The V.C. Andrews books, popular in the 1980s, are one example. “You’d think those wouldn’t have anything useful, but women learn about incest and try to figure it out,” Sweeney says. “From romance novels they learn that there’s another side to sex and violence. They learn that they don’t deserve to be treated how they’ve been treated.”

Yet most prison libraries have banned a genre that relates to the lives of many female inmates. African American urban fiction, also known as gangsta lit, features urban street crime. Incarcerated women have told Sweeney that they like how the books “keep it real.” But to read these novels, the books must be mailed to the women from family members or friends. If the novels make it past the prison mailroom, Sweeney says the books are widely circulated on the “underground book railroad.” 

Click through the slideshow to view samples of inmates' book reviews and reading lists. (Story continues below.)

Gangsta novels aren’t the only books outlawed in prison. “There’s a crazy amount of restrictions on reading materials,” Sweeney says, because states can make across-the-board bans on books that include information on Wicca, homosexuality, and nudity, among other topics. That ends up excluding Harry Potter novels, books by Pulitzer Prize-winning Toni Morrison, and even health books on breast cancer. However, crime novels by authors such as John Grisham and James Patterson are widely available in prison libraries—a fact noted and questioned by many of the women Sweeney interviewed.

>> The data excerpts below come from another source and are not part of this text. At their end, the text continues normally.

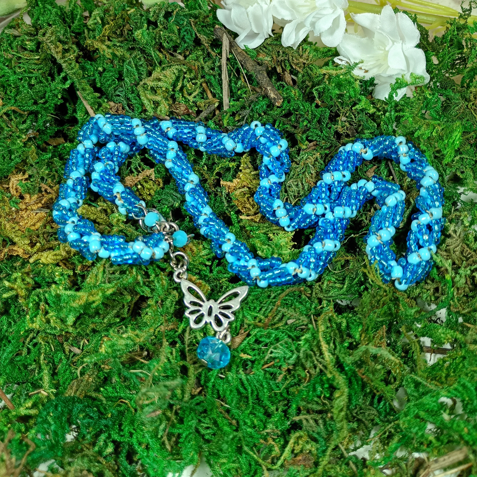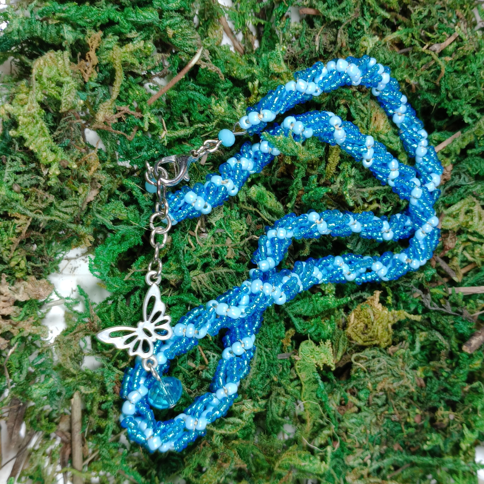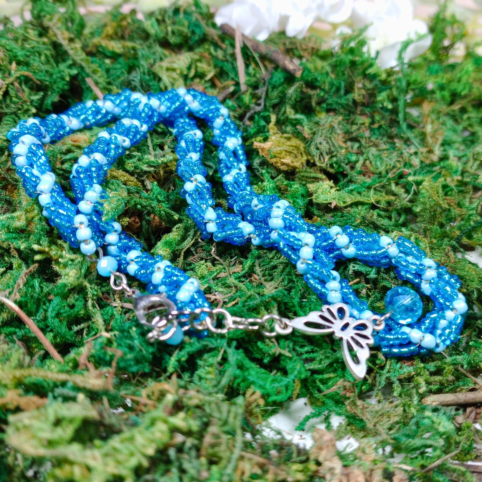 Colier Spirala Albastră, lucrat manual din margele sticla, cu detalii din metal si cristal.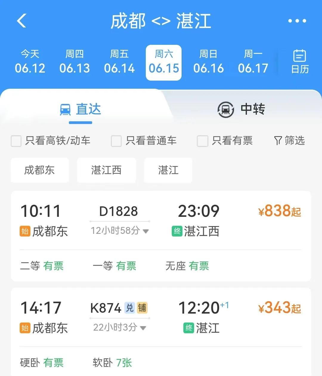 成都至湛江的D1828次列车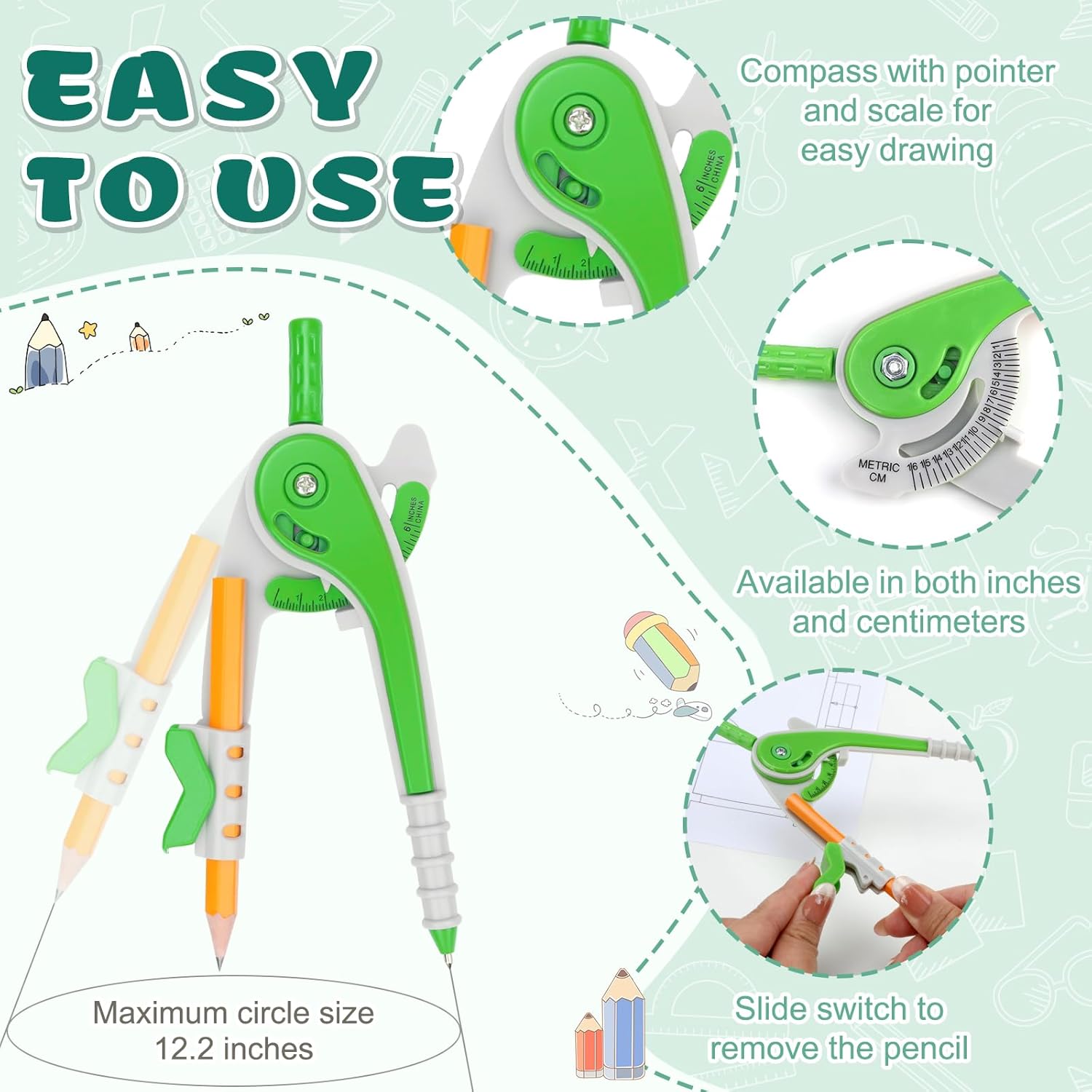 - Dual Scale Design: Featuring both inch and centimeter scales for precise and convenient measurement. Suitable for extended use, the math compass's hardened point allows accurate marking and stable operation. (Note: The math compass tip is sharp and hard; please handle with care to avoid injury.) An essential geometry tool for any math project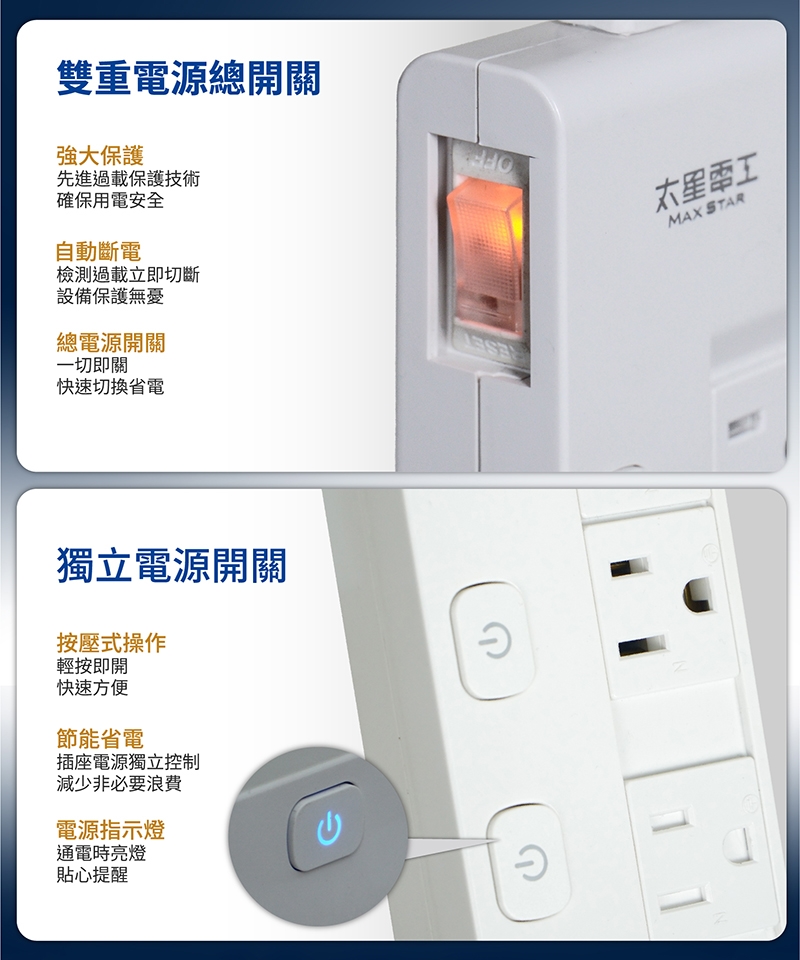 ‧總開關使用:電源總管理,一鍵即可管理所有電源,快速便利又安全。

“How backwards it is, that we as a culture are so begrudging with reading materials for prisoners when it’s a tremendous resource for education and empowerment and understanding,” Sweeney says. In prison, where a wait for an individual counseling session can take a year, Sweeney says incarcerated women “look to the protagonists for lessons, both positive and negative, about making meaning from past experiences in ways that seem empowering in the present.”

Widely available in prison libraries are books by Christian author and speaker Joyce Meyer. Her ministry distributes hygiene gift bags to inmates along with copies of her books, and many women prisoners write to Meyer for free books. Sweeney says that prisoners from a variety of religious, racial, and class backgrounds told her they have received guidance from Meyer’s books and from Meyer herself, who writes about the sexual abuse she experienced along with her current shortfalls. Self-help books can give women an opportunity to look at how they can take control over their lives, Sweeney wrote in Reading Is My Window. She relates how Meyer tells her readers, “I know you can change because I did.”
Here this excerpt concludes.